For the next two weeks, neither Anneke nor I attended the meetings of the Certain Faction. Apparently she did not feel I needed to maintain my facade of indifference before Dorothea, whom she held partially responsible for my disappointment. I assumed I would have to learn to live without Dorothea’s friendship as well as Jonathan’s love, but Dorothea was unwilling to sacrifice our friendship to her brother’s foolishness.

In those days, as a part of their training for married life, young ladies would learn to sew by piecing quilts. It was the custom among some families in our region that a young woman of merit would have completed twelve quilt tops by the time she reached marriageable age. The thirteenth quilt was to be her masterpiece, a sign that she had learned all the womanly arts of needlework she would need as a wife and mother, and these quilts were often elaborate works of appliqué, embroidery, and stuffed work called trapunto. When the young woman became engaged, all the bride-to-be’s female friends and relations would gather for a quilting bee, where the thirteen pieced and appliquéd tops would be quilted. These were festive occasions, full of merriment and congratulations for the future bride, and I had
attended several since arriving in Creek’s Crossing. As the sister of the groom, Dorothea appropriately offered to host Charlotte Claverton’s bee, and since the Clavertons were well regarded in society, and Jonathan well respected as the town’s only physician, it was seen as the most important social event of the year for the women of the town, even more important than the Harvest Dance.

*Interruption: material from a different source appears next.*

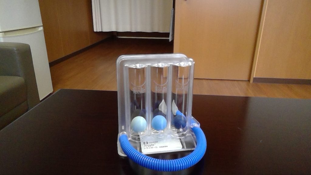 呼吸練習器になります。ホースの先を加えて息を吸うことで中の玉が持ち上がります。思いっきり吸えばいいというものでもなく、左端の玉だけ持ち上げたり、左端と真ん中を持ち上げるようにするなど調整しながら吸います。手術後の呼吸にかかわってきますので、時々練習するように指導を受けました。入院中も練習します。

When Anneke and I received two of those sought-after invitations, my instinct was to throw them on the fire, but Anneke stayed my hand. “If we do not attend, it will confirm the rumors that you resent Charlotte and want her betrothed for yourself.”

I did resent Charlotte, and of course I wanted Jonathan, but since I could not have him, I could not bear for the entire town to know it.

Hans considered that reason enough for me to avoid the gathering. “As many people will be watching you as the bride,” said he. “You have never been one to conceal your emotions. Your true feelings will be plain for all to see.”

It seemed no matter what I did, the people of Creek’s Crossing were likely to see a scandal simply because they wished to. Since I could not win, I took Hans’s caution as a challenge and decided to attend the quilting bee.

Anneke, whose imperfect English remained a source of embarrassment for her, asked me to respond to the invitation, and so I did, feeling a curious mixture of eagerness and dread with each stroke of my pen. I missed my friends, even Dorothea, who had betrayed me with her silence, and longed for the warmth of their company. I grew weary when I imagined maintaining a pretense of contentment all day under the scrutiny of gossips, but I convinced myself that once that day had ended, the whole sad business would be in the past. And, although many women in my situation would have wished to avoid their rival in her moment of triumph, I hungered to see Charlotte Claverton. We had
never spoken except for our brief exchange at the Harvest Dance, and I wanted to take my measure of her. I was convinced that everything I learned about her would confirm that she was a selfish child and a poor match for Jonathan, and that he would have been infinitely happier with me. I needed to confirm this—and I wanted Charlotte Claverton to know me, so that she would reach the same conclusion.